Colorectal cancer (CRC) is the third most-diagnosed and second most-deadly cancer worldwide. Thanks to federally funded efforts to profile DNA methylation abnormalities in colon and other cancer types, we know that most cancer types, including CRC, exhibit aberrant DNA methylation signatures compared to normal tissue, but much remains to be uncovered regarding how DNA methylation may facilitate tumorigenesis and be therapeutically targeted for the treatment or prevention of disease.
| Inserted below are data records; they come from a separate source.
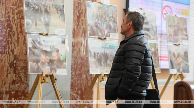 Экспазіцыя ўстаноўлена ў цэнтральнай зале чакання. Тут спецыяльна для праекта Беларускага тэлеграфнага агенцтва работнікі вакзала пераставілі лаўкі, каб наведвальнікам было зручна перамяшчацца паміж стэндамі з фатаграфіямі. Усяго прадстаўлена больш за сто здымкаў, якія адлюстроўваюць усю глыбіню, боль і трагедыю міграцыйнага крызісу, што ўзнік на беларуска-польскай граніцы.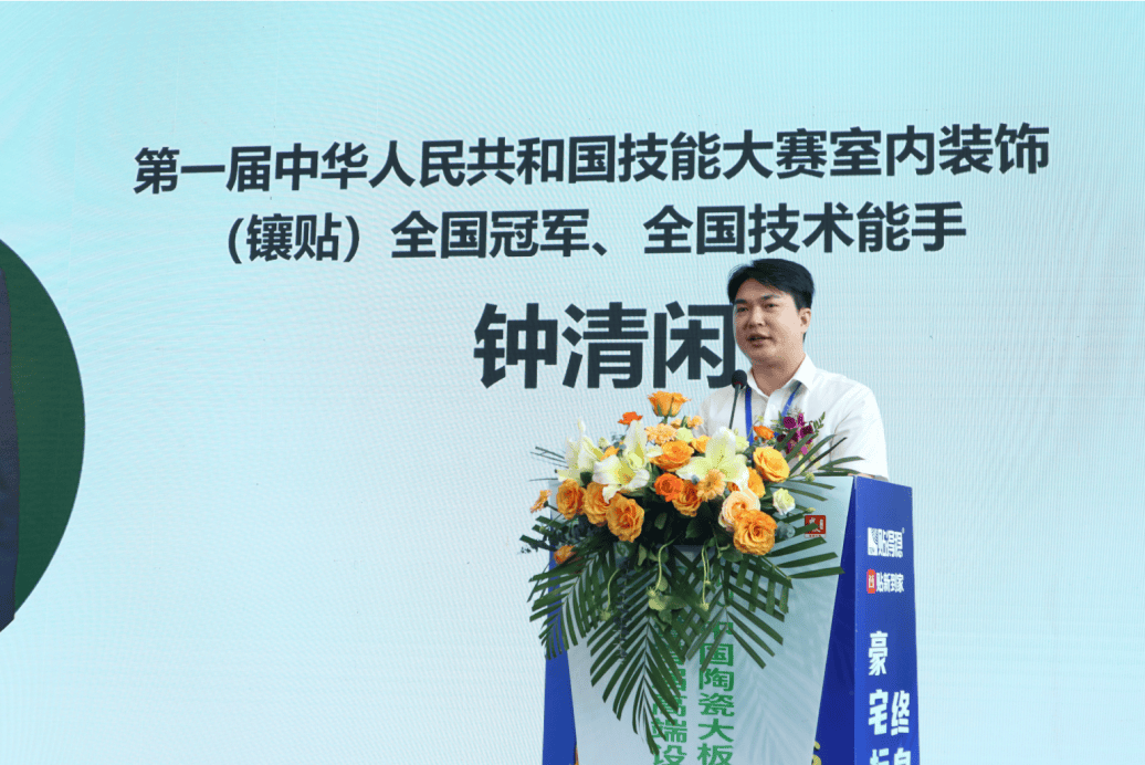 第一届中华人民共和国技能大赛室内装饰(镶贴)全国冠军钟清闲专家发表了致辞。钟专家在致辞中分享了自己的参赛经验▲●,并强调了技术与工艺在岩板定制交付中的重要性:▷▷▲“岩板定制交付不仅仅是技术的较量◆,更是工艺与创新的结合。作为一名技能大赛冠军,我深知□■•,精湛的技术和工艺的结合才能够保证岩板定制交付的质量和效果○■▪。□★◇”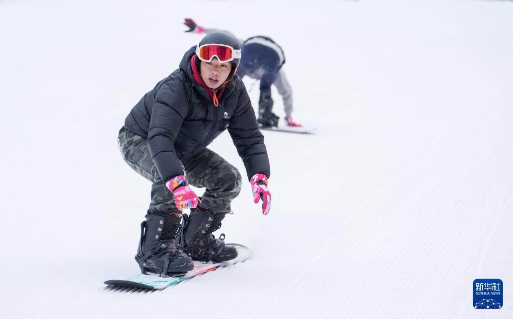 2月8日,游客在阿坝州汶川县羌人谷滑雪场滑雪。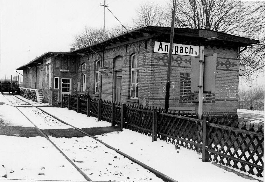 Die beiden linken Bilder zeigen Anspach noch mit dem alten Namen Anspach/Ts. Bei der Gebietsreform 1977 wurde Anspach zu Neu-Anspach umbenannt. Bemerkenswert ist die Ähnlichkeit des inzwischen abgerissenen Bahnhofsgebäudes mit dem von Köppern. Der vordere Anbau ist bloß um zwei Fenster verlängert! |

In this dissertation, we add depth to our understanding of the role of DNA methylation and Dnmt1 in intestinal tumorigenesis through the following four key areas of investigation: 1) understanding the role of pre-existing DNA methylation in tumor predisposition, 2) investigating mechanisms by which DNA hypermethylation may arise in cells, 3) determining the impact of Dnmt1 manipulation on intestinal tumorigenesis, and 4) developing model systems and tools to identify and validate epigenetic drivers of tumorigenesis.

Through these investigations, we have uncovered a previously unappreciated role for the pre-existing DNA methylation state of normal intestinal cells in their predisposition to becoming tumor cells. Even the strong genetic driver event of loss of Apc function appears to require other epigenetic gatekeeper events to enable tumor formation in mice. We found in two different models of Dnmt1 repression that its repression is a potent suppressor of tumorigenesis, which appears to be accomplished through complex rewiring of proliferative, metabolic, and immune signaling. On the other hand, we found that overexpression of Dnmt1 exacerbates tumorigenesis in Apc^Min/+ mice, likely in part through epigenetic misregulation of miRNAs. We expect these findings will be informative for clinical application of DNMT1 inhibitors in cancer prevention and therapy as well as for the development of targeted epigenetic therapies in the coming years.